Sonja, was für eine Zyperngras-Art hast du? Die meisten sind aus wärmeren Gefilden, bei diesen wäre dann wohl auch im Winter etwas Dünger angebracht. Mein Cyperus longus bleibt im Winter draussen. 

Kannst du dir erklären, warum bei dir in der einen Wanne die Wasserhyazinthen so wuchern? Hast du da eventuell in irgendeiner Form gedüngt?  

__ Blutweiderich ist meiner Erfahrung nach eine recht genügsame Pflanze. Er stand bei mir einige Jahre in  einem großen Korb nur im Sand/ganz wenig Lehm/Aquarienkies-Gemisch und entwickelte sich gut.
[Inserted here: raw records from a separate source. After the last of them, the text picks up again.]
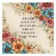 Transform your space with inspiration. Our 'Never Give Up' photo print captures the essence of resilience and determination.
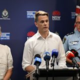 (IMAGE: (L-R) NSW Minister for Police and Counter-terrorism Yasmin Catley, NSW Premier Chris Minns and NSW Police Commissioner Mal Lanyon hold a press conference following a shooting incident at Bondi Beach, in Sydney, New South Wales (NSW), Australia, 14 December 2025 / CREDIT: Dean Lewins / EPA / Shutterstock)
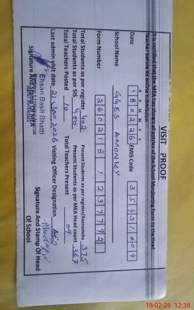 | Certified that this School was Inspected by the Undersigned MEA/DMO Today and the Information Stated Above is as Per Record. | |||||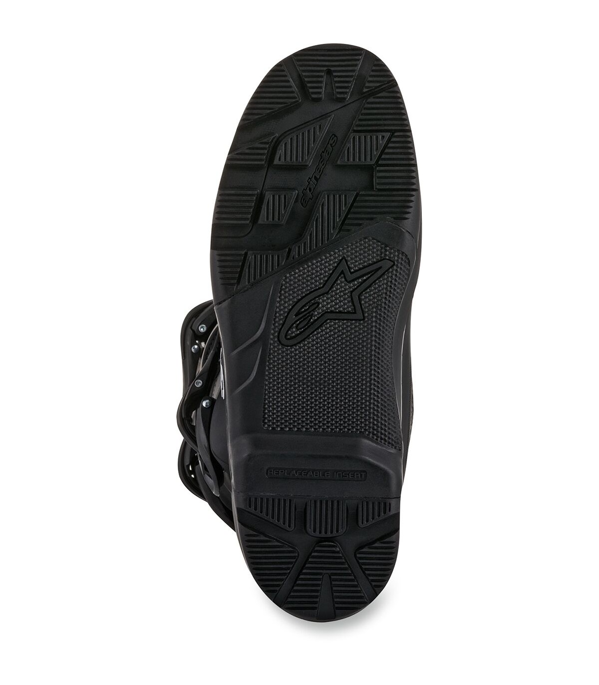 Tech 3 Enduro BootsBoot upper construction is an innovative, lightweight microfiber material that is flexible and abrasion-resistantLight microfiber on front and rear bellows provides a more comfortable flex areaToe box is made of synthetic material for high abrasion resistanceExtended Polyurethane (PU) synthetic gaiter helps seal out water and dirtContoured Thermoplastic Polyurethane (TPU) calf guard, TPU higher medial guard, TPU outer lateral ankle guard and TPU heel counter for support and resistance to impactsRear TPU gaiter patch applied on the top of the TPU calf protector for comfort and impact resistance on the rear flex areaInjected TPU shin plate is connected with the TPU medial guard panelHook-and-loop upper boot closure with TR flap that provides a wide range of fit and supportTPU higher medial protector designed with technical texturing for improved gripBiomechanical medial blade system allows good front/rear boot flex and added support and impact resistance for the ankleErgonomic TPU triple buckle straps wrap smoothly from the front flex and medial guard to the lateral side of the boot without compromising the boot's flexibilityClosure system uses three polymer buckles with ratchet closure, buckle memory system and quick release/locking system with a self-aligning designAll boot buckles are replaceableOne-piece TPU injected dual-compound foot shell is reinforced by a metal shank inside a co-injected toe reinforcementSoft foam surrounds the ankles and boot collar for comfort and shock-absorbing performanceEntire boot is textile lined for comfortReplaceable EVA footbed with textile top liningAlpinestars all-terrain sole design with high-grip rubber compounds; sole is replaceable

Im letzten Sommer habe ich meine Minis komplett umgestaltet. Mein Blutweiderich bekam einen kleineren Topf mit, soweit ich micht entsinnen kann, Seramis pur. Dieses Jahr mickert er, ist gerade mal 50 cm hoch und hat gerade erst angefangen zu blühen. Er bekommt jetzt einen separaten Kübel, wo er wuchern kann .

Zu Gauklerblume. Welche hast du denn? Es gibt da einige verschiedene, die sich teilweise nur im feuchten Boden wohlfühlen. Bei mir wuchs die gelbe Gaucklerblume (Mimulus luteus) im Sand/Teicherdegemisch 1:1 sehr gut. Es war so eine Art kleiner Sumpftopf mit ca. 5 cm Wassertiefe. Veilleicht ist tatsächlich dein Substratgemisch für sie zu mager.

@Eugen

Super, dass du hier auch mitmischt ! Von deinen umfangreichen Erfahrungen mit Teichpflanzen und Pflanzsubstraten können wir alle profitieren !
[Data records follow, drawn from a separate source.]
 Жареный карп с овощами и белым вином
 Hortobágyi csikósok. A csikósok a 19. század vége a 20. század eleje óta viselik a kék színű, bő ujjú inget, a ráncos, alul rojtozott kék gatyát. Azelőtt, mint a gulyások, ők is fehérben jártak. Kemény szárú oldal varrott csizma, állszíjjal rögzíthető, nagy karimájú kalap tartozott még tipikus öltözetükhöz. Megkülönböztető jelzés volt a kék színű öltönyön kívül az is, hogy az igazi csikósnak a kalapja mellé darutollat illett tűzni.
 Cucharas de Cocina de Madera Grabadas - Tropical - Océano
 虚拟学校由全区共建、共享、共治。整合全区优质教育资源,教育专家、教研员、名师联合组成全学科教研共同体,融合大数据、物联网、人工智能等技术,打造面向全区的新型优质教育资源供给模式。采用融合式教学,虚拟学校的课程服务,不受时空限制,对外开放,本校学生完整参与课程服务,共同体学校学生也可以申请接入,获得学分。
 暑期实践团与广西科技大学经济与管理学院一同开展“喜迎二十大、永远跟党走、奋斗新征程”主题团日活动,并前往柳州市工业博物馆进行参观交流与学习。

Mich würde als erstes interessieren, wie lehmhaltig dein Lehmboden ist. Natürlch erwarte ich keine chmische Analyse , einfach deine Einschätzung. Unser Lehmboden hier ist laienhaft ausgedrückt sehr lehmig. Im trockenen Zustand hart wie Stein, mit Händen eigentlich nicht zu zerbröseln. Deswegen halte ich micht auch so ziemlich hartnäckig an diese allerorts empfohlene Mischung 1:1 bei Lehm/Sand. Deine Mischung 4:1 ist doch sehr dicht, oder? Da die Pflanzen deiner Erfahrung nach gut darin wachsen, stört es sie also nicht, dass der Boden so wenig durchlässig ist. Düngst du noch zusätzlich in irgendeiner Form?
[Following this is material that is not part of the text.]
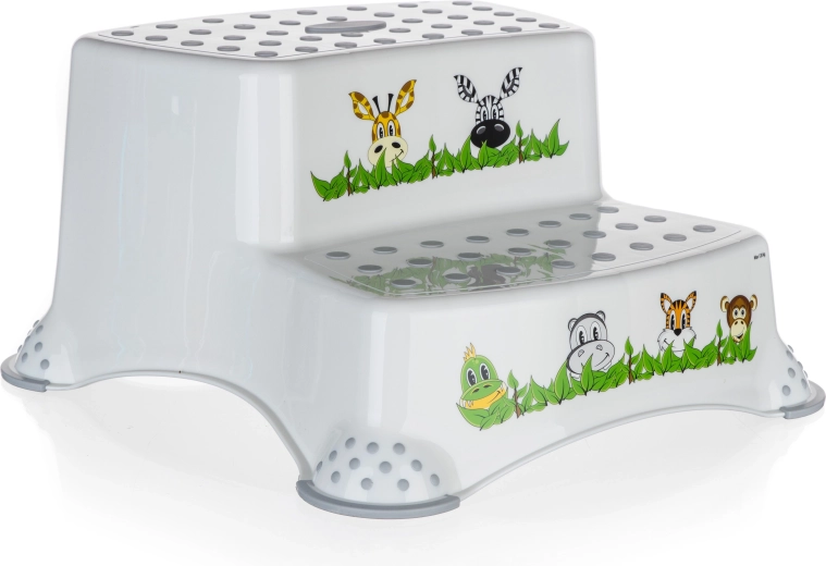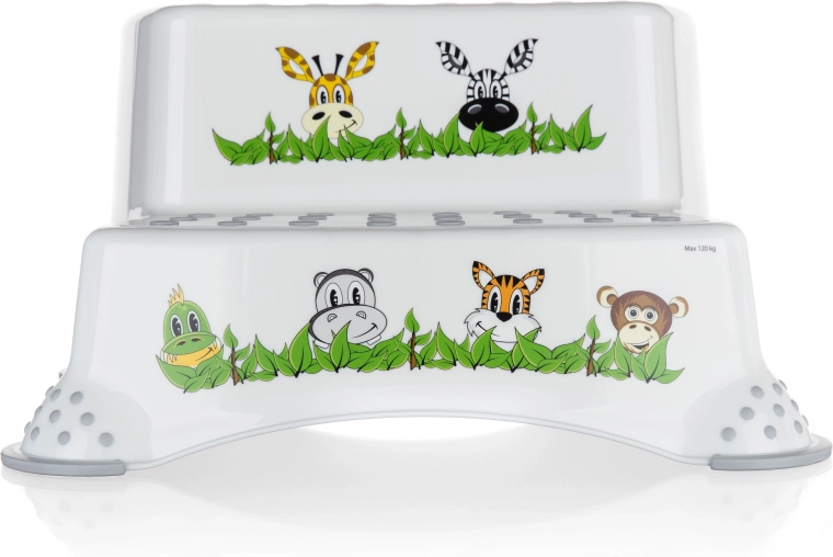 Praktické detské dvojstupňové schodíky BANQUET Jungle pomôžu deťom bezpečne dosiahnuť k umývadlu, na toaletu či do vyšších políc. Ľahká plastová konštrukcia s protišmykovými bodmi na stupňoch aj nožičkách zaisťuje stabilitu, hravý zvierací motív motivuje k samostatnosti. Nosnosť 120 kg potvrdzuje pevnosť a odolnosť na každodenné používanie.

Wie verwendest du Teicherde zum Hochzüchten?

Was Langzeitversuche betrifft, auch meine Erfahrungen mit diversen Substraten oder z.B. mit Verwendung von Seramis im Miniteich oder in den Substratmischungen sind noch ziemlich kurz. Mit Seramis probiere ich seit dem vergangenen Sommer herum. Also ist alles noch offen , die ersten Erfahrungen sind aber ganz positiv.

Zum Lavabruch: ich verwende seit diesem Sommer Lavagranulat in kleiner Körnung (bis 4 mm) als obere Abdeckschicht in Töpfen, weil es so schön dunkel ist. Mit welcher Körnung hast du experimentiert? 


LG
Ina


----------



## Eugen (6. Aug. 2010)

*AW: Versuche mit verschiedenen Pflanzsubstraten*

Hi Ina

Es ist kein Lehmboden,den ich da nehme (obwohl wir sowas auch haben  ), sondern lehmhaltiger Erde, die krümelig ist. Den Lehmanteil schätze ich mal auf ca. 10-20%.
Mit Wasser ergibt es so ne richtig schöne "Matschepampe" 

ich hab so flache Wannen (ca 10cm hoch), da kommt die Teicherde rein, Wasser grad soviel,daß es sumpfig ist.
Sind die Ableger größer, werden sie in kleine Plastiktöpfe umgebettet und in eine der vielen Wannen,die bei mir rumstehen  , gestellt.

Die Körnung des Lavabruches weiß ich nicht,waren aber schon rechte Brocken (8-15 mm schätze ich mal )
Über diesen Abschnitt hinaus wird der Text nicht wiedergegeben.